I always tell my trainees that “your patient is bleeding to death until you can prove otherwise.” Sometimes bleeding is obvious in our trauma patients and sometimes it isn’t. The usual routine for assessing major trauma patients involves a blood draw, with a high priority on obtaining a specimen for the blood bank. But most centers also get standard analyses on the blood, including CBC, lytes, etc.
But remember, a blood draw is a snapshot. And it’s a snapshot of values that change relatively slowly. This means that you can get suckered into believing that your patient is okay because one set of labs looked pretty normal. And it’s impractical (and uncomfortable) to get labs frequently with repeated needle sticks.
Masimo, a medical equipment manufacturer, has added something extra to the pulse oximeter that you are already familiar with.
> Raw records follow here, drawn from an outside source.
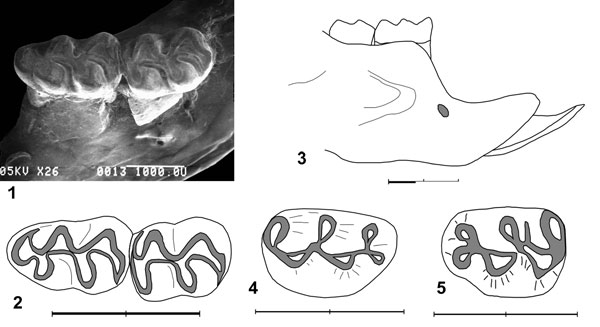 FIGURE 43. 1. Peromyscus sp. A (UCMP 320570), occlusal view of M1-M2 in right dentary fragment. SEM image. Scale equals 1 mm. 2. Peromyscus sp. A (UCMP 320570), occlusal view of M1-M2. SEM image. Scale equals 2 mm. 3. Peromyscus sp. A (UCMP 320570), labial view of right dentary. SEM image. Scale equals 2 mm. 4. Peromyscus sp. A (UCMP 320574), occlusal view of M1. SEM image. Scale equals 2 mm. 5. Peromyscus sp. B (UCMP 320572), occlusal view of M1. SEM image. Scale equals 2 mm.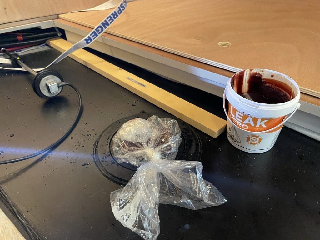 Ich überlege nun, wie ich das notdürftig dicht bekomme. So kann es ja nicht bleiben. Es fällt mir leak hero ein, eine Paste, die normalerweise für Lecks im Rumpf gedacht ist. Diese ölige Schmiere kann ich zwar keinesfalls einfach so in die Öffnung des Frischwassertanks stopfen. Der Tank wäre vermutlich für immer kontaminiert. Mit zwei Gefriertüten aber tut es, was es soll und ich bekomme die Öffnung provisorisch auch bei innen dagegen schwappendem Wasser komplett dicht. Die Entlüftung habe ich im Ankerkasten wieder geöffnet.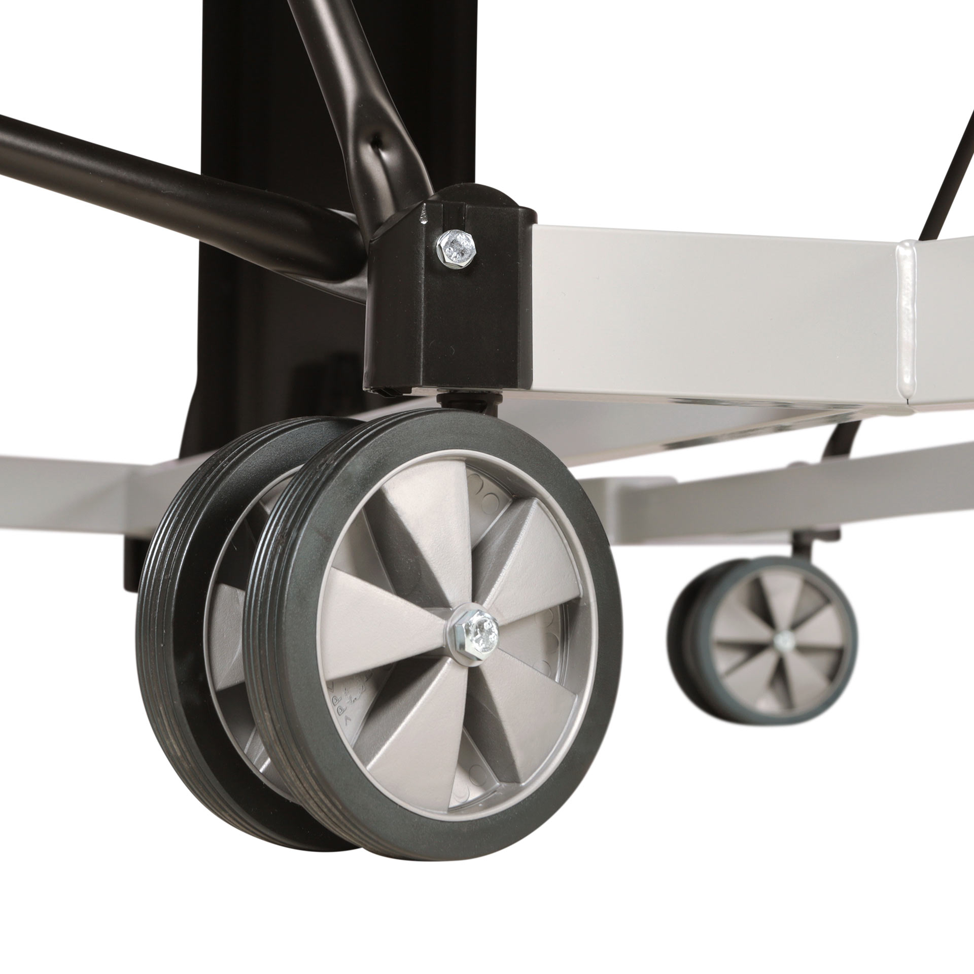 Ein weiteres Highlight der Tischtennisplatte ist die hochwertige Kippsicherung, die einen schnellen Auf- und Abbau ermöglicht, ein Umkippen der TT-Platte verhindert und das einseitige Umklappen der Platte für den Einzelbetrieb ermöglicht. Trotz der robusten Bauweise ist die TT-Platte sehr leicht, im aufgeklappten Zustand platzsparend und durch die hochwertigen gummierten Leichtlauf-Doppelrollen mit 128 mm Durchmesser auch auf unebenem Gelände mobil einsetzbar. Zum Lieferumfang gehören außerdem ein wetterfestes Tischtennisnetz in schwarzer Ausführung sowie seitlich angebrachte Schläger- und Ballhalter, die jeweils Platz für 2 Schläger und 9 Tischtennisbälle bieten.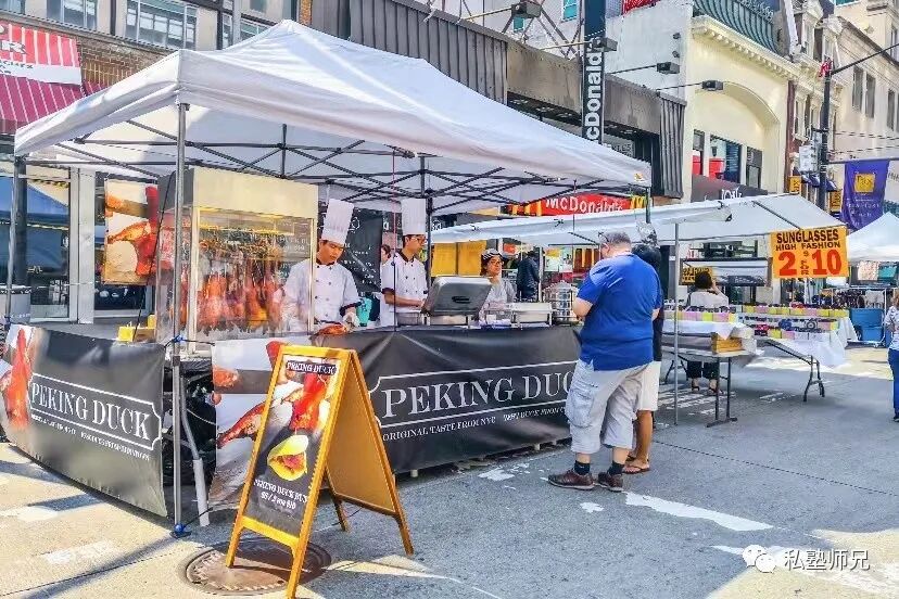 路边随处可见食品摊,从卖巴西烤肉,美国炸鸡,中国烤鸭等等。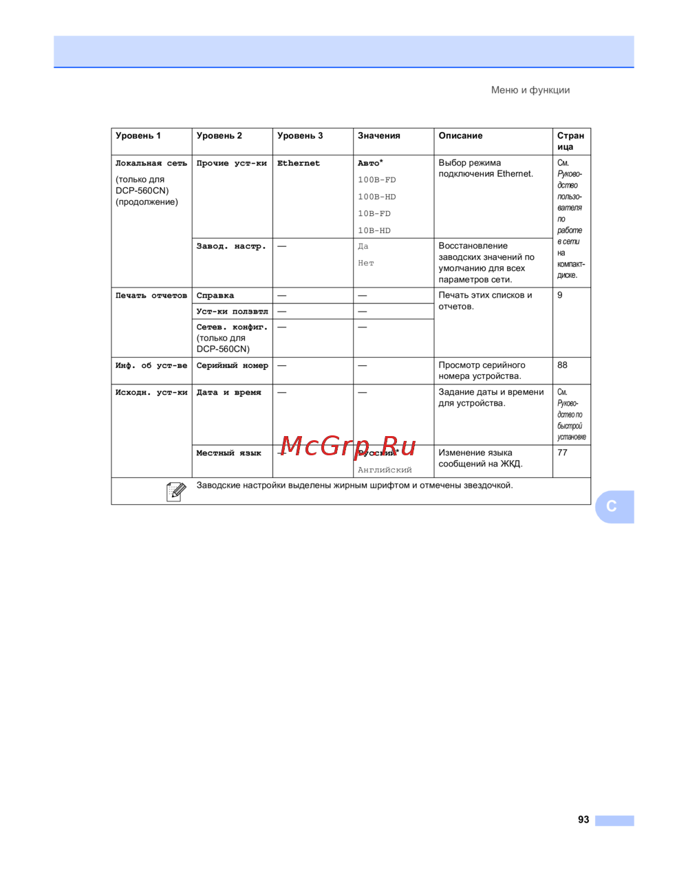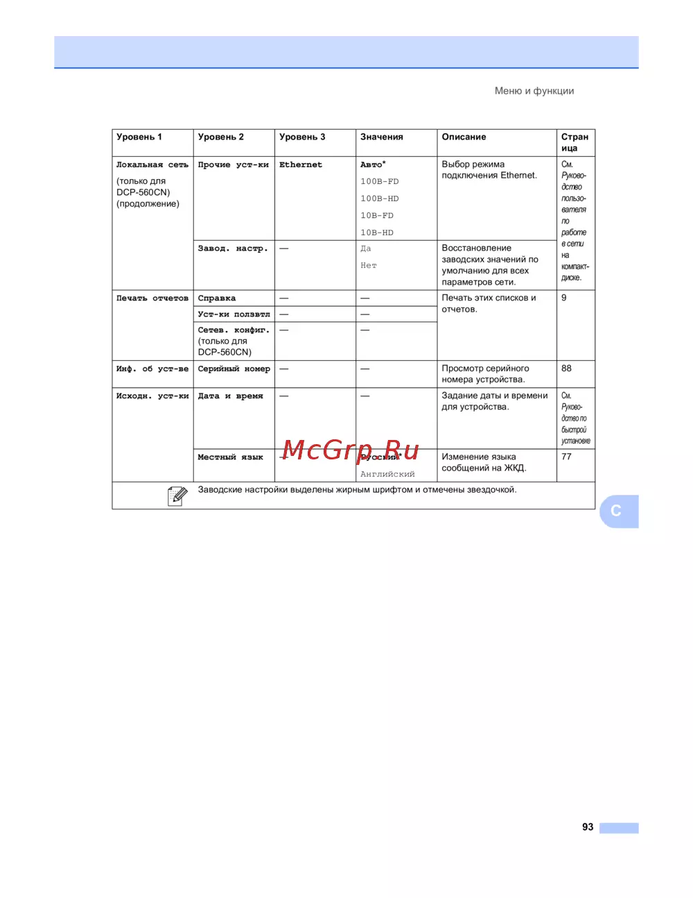 Brother DCP-560CN — настройки и функции локальной сети для устройств [101/125]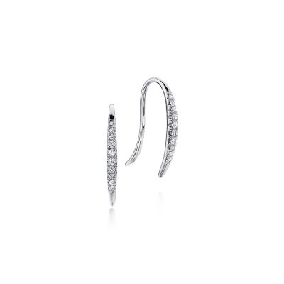 Our earrings thread through the ears with long, looping earwires of 18kt white gold. The earrings feature a vertical bar accent, which is studded with diamonds for an elegant glowing touch.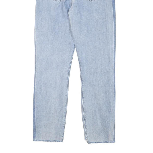 These Womens jeans by 7 FOR ALL MANKIND feature a striking light blue colour with a two-tone rinse effect, combining lighter central panels and darker outer side panels. They have a classic five-pocket design with visible copper rivets and a zip closure at the front.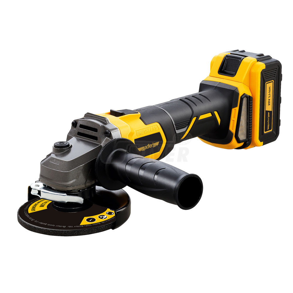 Akumulátorová úhlová bruska pro rozbrušovací a hrubovací kotouče Ø 125 mm s bezkartáčovým motorem a Li-Ion baterií 20 V / 4 Ah.- profesionální, velmi výkonná akumulátorová úhlová bruska pro brusné kotouče Ø 125 mm, která se hodí i pro náročné práce, pro broušení svárů, ostření nástrojů, pro karosářskou činnost,

Using the usual clip-on finger probe, it measures arterial oxygen saturation, pulse rate, perfusion index, and total hemoglobin.
I wrote about this device a year ago after an abstract was presented at EAST. The final paper from the University of Arizona – Tucson has now been published, and here are the updated factoids:
525 patients were spot-checked, with a success rate of 86%
Spot-check failures were due to nail polish or soot on the nails, sensor fit problems (only one size was available in the study), placement problems due to other imaging equipment, or patient agitation
173 (38%) of patients had a Hgb <= 8
The mean difference between spot-check and blood draw results was only 0.3 g/dL (!)
Sensitivity was 95%, accuracy 76%
Bottom line: This is an interesting new tool for acute trauma care. The only downside that I see is that we may lose sight of the fact that hemoglobin values lag behind as an indicator of true blood volume in rapidly bleeding patients. We mustn’t be fooled into thinking that everything is fine just because a number is normal. There’s still room for common sense! And don’t start monitoring serial hemoglobins willy nilly in solid organ injury just because you can. You still don’t need it!
Hypothermia is always a concern in trauma patients. Even the simple act of completely exposing your patient in the trauma room facilitates it. How do trauma professionals balance the need to see everything with the equally important need to keep the patient warm?
The natural reaction is to cover them up. Sheets and warm blankets are the usual tools. But I always marvel that, as soon as the blanket goes on, there’s always a need to examine something or do some procedure. Look at a wound. Insert a urinary catheter. And every time this happens, the blanket comes off.
Here’s a clever way to deal with this problem. Don’t use just one sheet or blanket. Use two! Fold each one in half, so they are each half-length. Place one on the top half of the patient, the other at the bottom, overlapping slightly at the waist. If you need to look at an extremity, fold the blanket that covers it over from right to left (or left to right) to uncover just the area of interest. To insert a urinary catheter, just open the area at the waist, moving the top sheet up a little, the bottom down a little.
Bottom line: Keep your patient toasty! Use the two-sheet (or warm blanket) trick to avoid hypothermia. Remember, patient temperature begins to drop as soon as the clothes come off! And I don’t recommend the use of one-piece inflatable warming blankets (e.g. Bair Hugger) until the work in the ED is complete, because the whole thing has to be removed every time you need meaningful access to the patient.